Regex ignore if empty

Question

I have two conditions in my regex (regex used on php)

(BIOLOGIQUES\s+(\d+)\s+(\d+)\s+\/\s+(\d+))|(Dossier N.\s+:\s+(\d+)\s+(\d+)\s+\/\s+(\d+))

When I test the 1st condition with the following I get 4 match groups 1 2 3 and 4

BIOLOGIQUES                                                                                          47     131002 / 4302

Please see the 1st condition here http://www.rubular.com/r/a6zQS8Wth6

But when I test with the second condition the groups match are 5 6 7 and 8

   Dossier N°       :     47     131002 / 4302

The second condition here : http://www.rubular.com/r/eYzBJq1rIW

Is there a way to always have 1 2 3 and 4 match groups in the second condition too?

Answer 1

I assume your regex is compressed. If the dot is meant to abbrev. the middle initial it should be escaped. The suggestion below factors out like Barmar's does. If you don't want to capture the different names, remove the parenthesis from them.

Sorry, it looks like you intend it to be a dot metachar.

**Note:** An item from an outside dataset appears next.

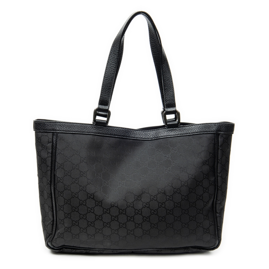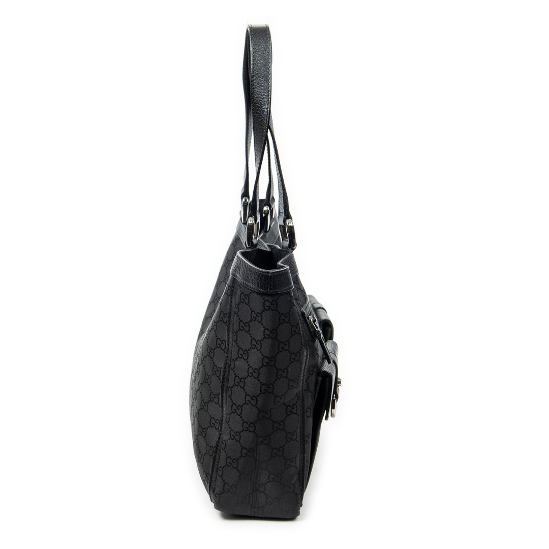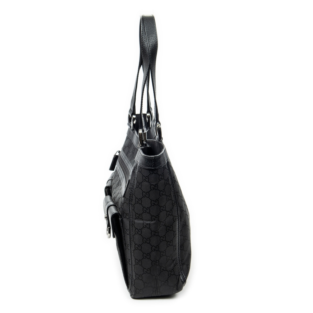A vintage Gucci black canvas Abbey Pocket Tote bag with a certificate of authenticity. Approximately 25cm height, 33cm width.

Just remove the \ from it.

 # (?:(BIOLOGIQUES)|(Dossier\ N\.\s+:))\s+((\d+)\s+(\d+)\s+\/\s+(\d+))

 (?:
      ( BIOLOGIQUES )                 # (1)
   |  ( Dossier\ N \. \s+ : )         # (2)
 )
 \s+ 
 (                               # (3 start)
      ( \d+ )                         # (4)
      \s+ 
      ( \d+ )                         # (5)
      \s+ \/ \s+ 
      ( \d+ )                         # (6)
 )                               # (3 end)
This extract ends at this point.